Anselm passed through the
ornamental gates of Gray’s Inn Gardens. Here, as a young man, he’d dreamed of
standing in the Bailey of being an old hand, a grumpy legend in a tattered
gown. Lying on the grass, he’d cross-examined imaginary foes, breaking them
with imperial courtesy Phantom judges had looked on, mystified by such talent
in one so young. Not much later, he’d found himself walking the same gravelled
lanes, with their unexpected turns, thinking of a flickering space above a
nave, and an attentive silence.

‘Good
afternoon, Father,’ said Inspector Cartwright pleasantly.

Anselm
looked to his right, quickly as if he’d been caught. She was sitting legs
crossed on a bench eating crisps. On her lap was a manila envelope. Her ears
still carried the weight of a child’s affection.

‘Have a
look at these,’ she said. ‘Mrs Glendinning is either playing a game or she’s
being very careful.’

Anselm
sat beside her, one hand searching an upper pocket for his glasses. Relieved by
the unaccustomed sharpness of things, he withdrew a bundle of papers from the
packet. To leave him undisturbed, Inspector Cartwright wandered a short
distance away.

In fact
there were four bundles, each stapled into a kind of booklet. The first was
entitled ‘Nancy’s Treasure’, the second ‘Riley’s Junk’. Both of them comprised
annual returns, covering three successive years, as submitted to Companies
House. Nothing had been flagged or underlined. Anselm flicked through the other
two enclosures. Each was made up of photocopied receipts. Again they were
labelled with the different business names; again the pages unmarked. He
glanced at the dates, noting that each pamphlet spanned the same period framed
by the formal accounts. Puzzled, he checked the envelope again and then said, ‘Isn’t
there a covering letter?’

Inspector
Cartwright licked salt off two fingers and said curtly ‘No.’ She dropped the
crisps packet in a bin and came back to the bench. She modified her answer. ‘Well,
there was a signed compliments slip. The explanation of the figures must be
with George Bradshaw’

‘But
why separate the evidence from its meaning?’ mused Anselm.

‘My
guess is that Mrs Glendinning didn’t trust the person she asked to send it.’

‘Then
why approach whoever it was in the first place?’

‘Maybe
he or she — like you and I — was involved in the original trial.’

Anselm
took off his glasses and returned to a universe that was faintly and agreeably
blurred. ‘But why send the packet at all?

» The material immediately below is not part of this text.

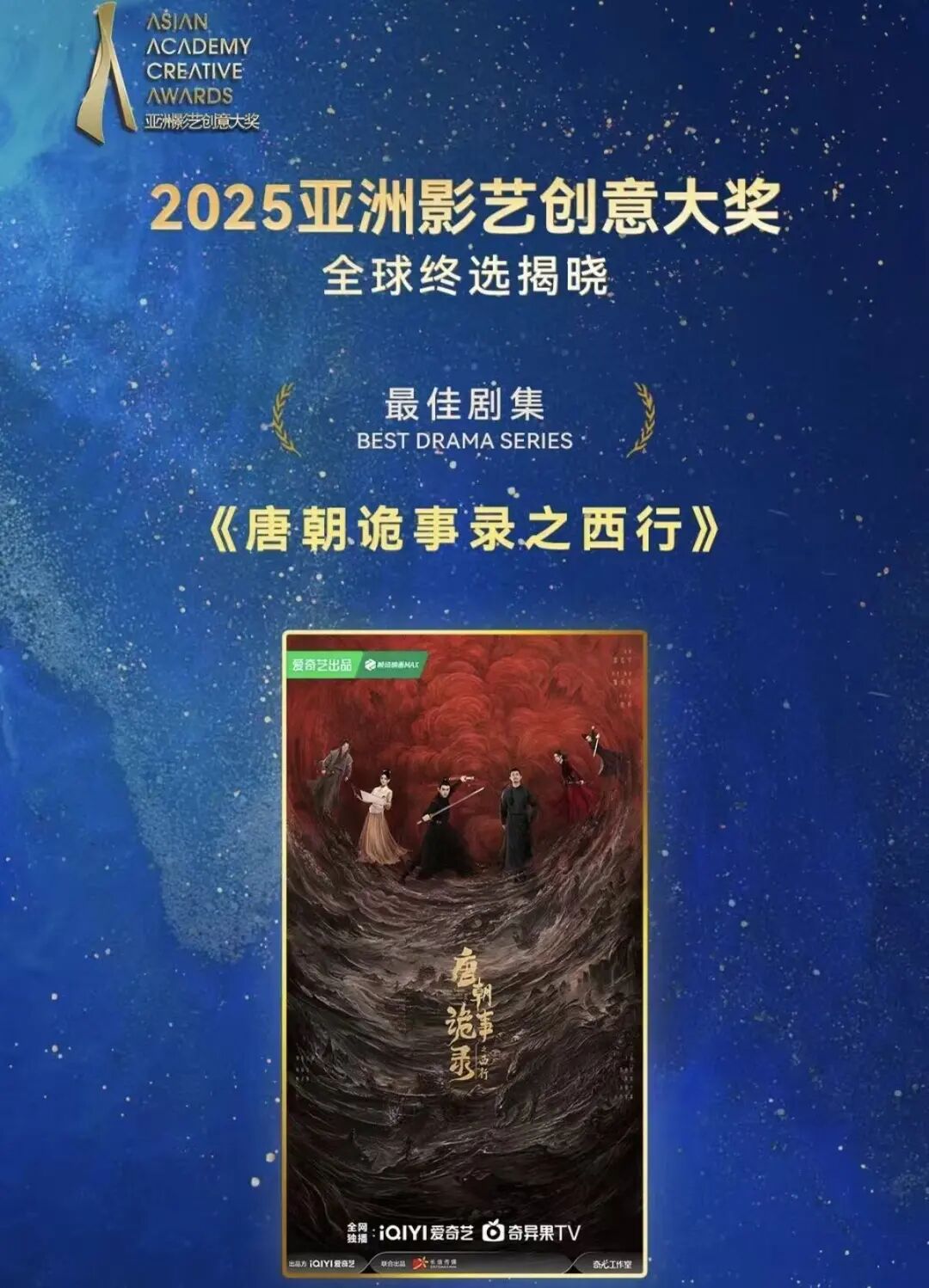 前阵子,《唐朝诡事录》获得2025年AACA亚洲影艺创意大奖最佳剧集。
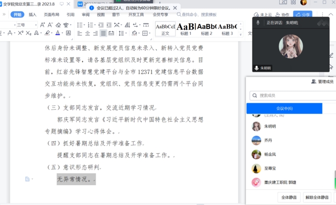 最后,党支部书记阳江提醒支部同志及时进行暑期总结、做好开学准备工作,进行了意识形态研判,本次会议为扎实开展主题教育专题组织生活会奠定了重要基础。

Why not give the lot to George
Bradshaw?’

Inspector
Cartwright replied instantly: ‘Maybe she foresaw that a man with half a memory
might get lost before he was found.’

That
sounded rather biblical, a thought that might have slowed Anselm down, but he
was suddenly close upon Elizabeth’s heels and his mind lurched forward. ‘Which
means that the figures you’ve received should speak for themselves.’

‘I
agree, but they don’t — at least not to me. I’ve seen the Companies House stuff
already so I assume the trick is in the receipts.

Anselm
turned the pages with an air of deep concentration. In fact, without his
glasses, he couldn’t quite make out the numbers. He grimaced significantly.

‘Would
you examine them?’ asked Inspector Cartwright, checking her watch. ‘You might
have one of those visions.’

After
she’d gone, Anselm wondered why he hadn’t told Inspector Cartwright about the
letter he’d received himself. There had been nothing to suggest that the visit
to Mrs Dixon should be confidential. But he knew that he should say nothing.
Why? He took a pleasant path between the Georgian buildings where, as a
student, he’d dreamed of greatness, and he came to the strange conclusion that
he was entering Elizabeth’s mind; that he was beginning to sense her will, if
not the reason for her calculations.